Work instructions: A copy of the listing below is needed, exact in every line and without images.

Given information:
+ + +

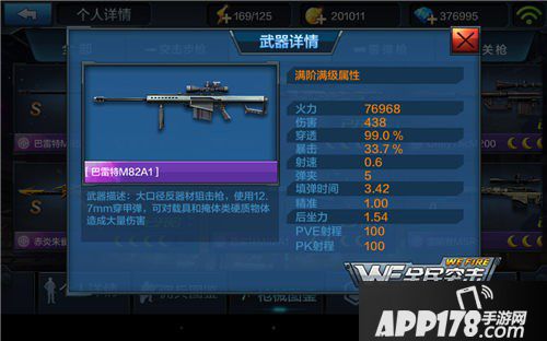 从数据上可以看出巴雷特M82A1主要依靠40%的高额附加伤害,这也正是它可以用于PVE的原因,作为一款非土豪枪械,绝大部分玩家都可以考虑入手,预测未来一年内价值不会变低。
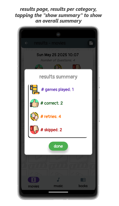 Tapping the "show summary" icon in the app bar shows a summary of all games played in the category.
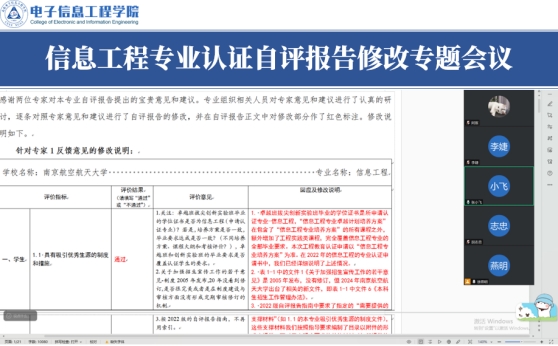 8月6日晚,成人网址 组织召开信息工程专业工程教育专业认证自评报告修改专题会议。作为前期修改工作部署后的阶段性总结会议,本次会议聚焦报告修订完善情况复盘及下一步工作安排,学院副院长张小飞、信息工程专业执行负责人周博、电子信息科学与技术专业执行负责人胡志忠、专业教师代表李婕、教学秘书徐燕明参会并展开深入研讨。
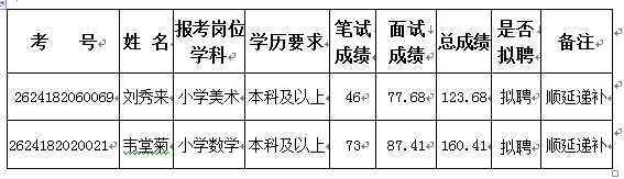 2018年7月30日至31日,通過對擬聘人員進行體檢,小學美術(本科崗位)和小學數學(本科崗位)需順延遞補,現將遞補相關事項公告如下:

+ + +

Response to this exercise:
 从数据上可以看出巴雷特M82A1主要依靠40%的高额附加伤害,这也正是它可以用于PVE的原因,作为一款非土豪枪械,绝大部分玩家都可以考虑入手,预测未来一年内价值不会变低。
 Tapping the "show summary" icon in the app bar shows a summary of all games played in the category.
 8月6日晚,成人网址 组织召开信息工程专业工程教育专业认证自评报告修改专题会议。作为前期修改工作部署后的阶段性总结会议,本次会议聚焦报告修订完善情况复盘及下一步工作安排,学院副院长张小飞、信息工程专业执行负责人周博、电子信息科学与技术专业执行负责人胡志忠、专业教师代表李婕、教学秘书徐燕明参会并展开深入研讨。
 2018年7月30日至31日,通過對擬聘人員進行體檢,小學美術(本科崗位)和小學數學(本科崗位)需順延遞補,現將遞補相關事項公告如下:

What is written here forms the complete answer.